Hard regexp problem

Discussion in 'Perl Misc' started by Aaron Sherman, Oct 23, 2004.

  1. I was stumped for a while today, when I ran into a regular expression
    problem. Now, I'm a pretty good regexp hacker, but this problem was so
    constrained and seemed at first glance to be so wrong for a regexp
    that I didn't think it could be done. However, in specifying it to a
    friend, I realized that it could.

    I'm curious to see if there's a better solution.

    The problem is this: You have a function call in a library that takes
    a regexp, anchors it on both ends by adding "^" and "$" to the
    beginning end, and then applies that to an input string.

    sub foo {
    my $re = shift;
    my $in = <STDIN>;
    die "'$in' is bad" unless $in =~ /^$re$/;
    }

    It exits with an error if the string does not match the regexp. I
    wanted to accept strings that did NOT contain a particular substring.
    Normally, I would have written:

    !/xyz/

    But a) my regexp is going to have to match the whole line, which the
    above does not, and b) I can't tell the function to negate the regexp.
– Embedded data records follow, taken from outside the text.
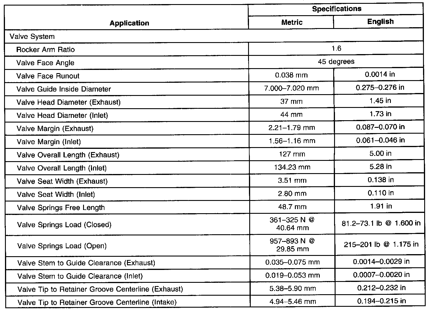 Engine Mechanical Specifications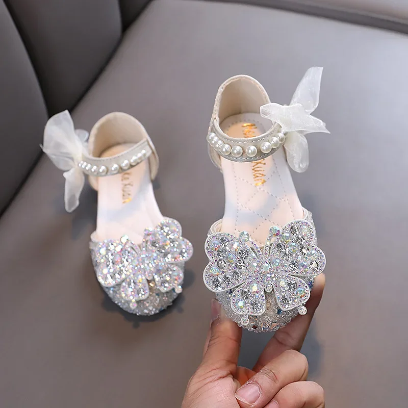 Летние сандалии для маленьких девочек, новинка 2024, Детские Балетки принцессы с бабочками и стразами, модные элегантные Детские Классические сандалии с блестками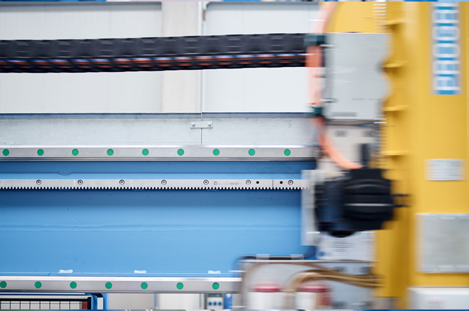 A 14 méteres teljes lökethosszúságú lineáris tengelyek és a 25 méteres profilsín-vezetők fogasléces meghajtással kombinálva valósítják meg a minimális ciklusidőhöz szükséges dinamikus mozgásokat.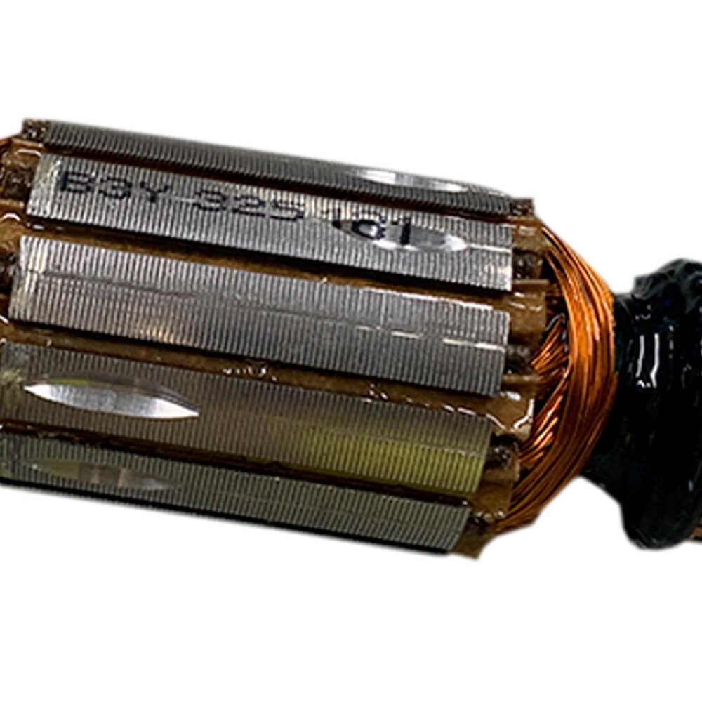 Induzido também conhecido como rotor, usado em conjunto com o estator ou bobina de campo e escovas de carvão.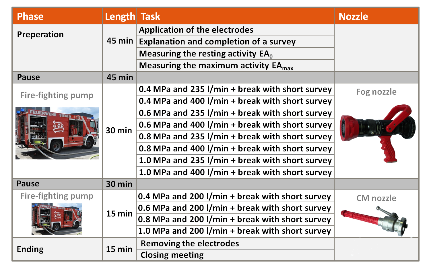 The difficulty lies in the fact that for many branchpipes a certain minimum working pressure is set, but this must be limited to the top, to ensure safe operation of the jet by the fire-fighters. The aim was to determine the physiological strain responses at different water pressures and flows in order to derive the maximum allowable pressure for a given amount of water for fire-fighting.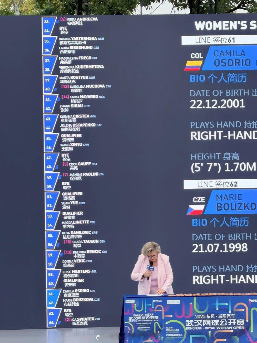 网球talking大会 2025武网 武汉签表已出,王欣瑜领衔4名中国球员参赛,四位中国选手首轮对手如下: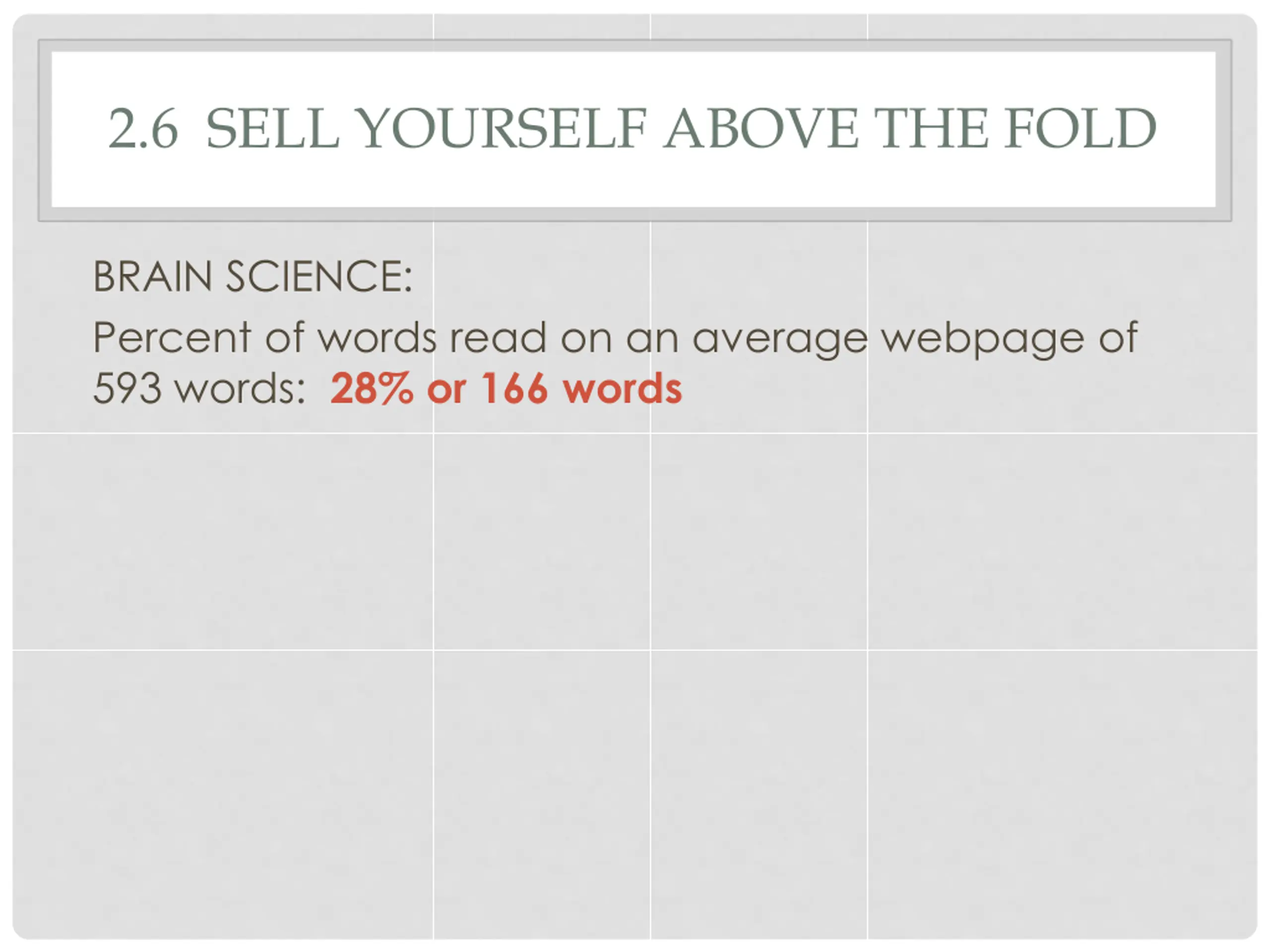 2.6 SELL YOURSELF ABOVE THE FOLD BRAIN SCIENCE: Percent of words read on an average webpage of 593 words: 28% or 166 words

    In the end, this is what I came up with:

    qr{((?=[^x]|x[^y]|xy[^z]).)*}

    That was the final version. I had done this previously:

    qr{([^x]|x[^y]|xy[^z])*}

    but that fails on:

    xyxyz

    which it allows to slip through because it consumes the leading "xyx"
    on the first pass.
    Aaron Sherman, Oct 23, 2004
    #1
    1. Advertising

  2. Abigail wrote:
    > Aaron Sherman () wrote on MMMMLXX September
    > MCMXCIII in <URL:news:>:
    > () I was stumped for a while today, when I ran into a regular expression
    > () problem. Now, I'm a pretty good regexp hacker, but this problem was so
    > () constrained and seemed at first glance to be so wrong for a regexp
    > () that I didn't think it could be done. However, in specifying it to a
    > () friend, I realized that it could.
    > ()
    > () I'm curious to see if there's a better solution.
    > ()
    > () The problem is this: You have a function call in a library that takes
    > () a regexp, anchors it on both ends by adding "^" and "$" to the
    > () beginning end, and then applies that to an input string.
    > ()
    > () sub foo {
    > () my $re = shift;
    > () my $in = <STDIN>;
    > () die "'$in' is bad" unless $in =~ /^$re$/;
    > () }
    > ()
    > () It exits with an error if the string does not match the regexp. I
    > () wanted to accept strings that did NOT contain a particular substring.
    > () Normally, I would have written:
    > ()
    > () !/xyz/
    >
    > /^[^x]*(?:x(?!yx)[^x]*)*$/
    >
    > Or:
    >
    > /^(?:(?!xyz).)*$/
    >


    Er no,

    /^(?!.*xyz).*$/

    There have been numerous previous threads on this question.
    Brian McCauley, Oct 23, 2004
    #2
    1. Advertising

  3. On 22 Oct 2004, Aaron Sherman wrote:

    >I was stumped for a while today, when I ran into a regular expression
    >problem. Now, I'm a pretty good regexp hacker, but this problem was so
    >constrained and seemed at first glance to be so wrong for a regexp
    >that I didn't think it could be done. However, in specifying it to a
    >friend, I realized that it could.
    >
    >I'm curious to see if there's a better solution.
    >
    >The problem is this: You have a function call in a library that takes
    >a regexp, anchors it on both ends by adding "^" and "$" to the
    >beginning end, and then applies that to an input string.
    >
    > sub foo {
    > my $re = shift;
    > my $in = <STDIN>;
    > die "'$in' is bad" unless $in =~ /^$re$/;
    > }
    >
    >It exits with an error if the string does not match the regexp. I
    >wanted to accept strings that did NOT contain a particular substring.
    >Normally, I would have written:
    >
    > !/xyz/
    >
    >But a) my regexp is going to have to match the whole line, which the
    >above does not, and b) I can't tell the function to negate the regexp.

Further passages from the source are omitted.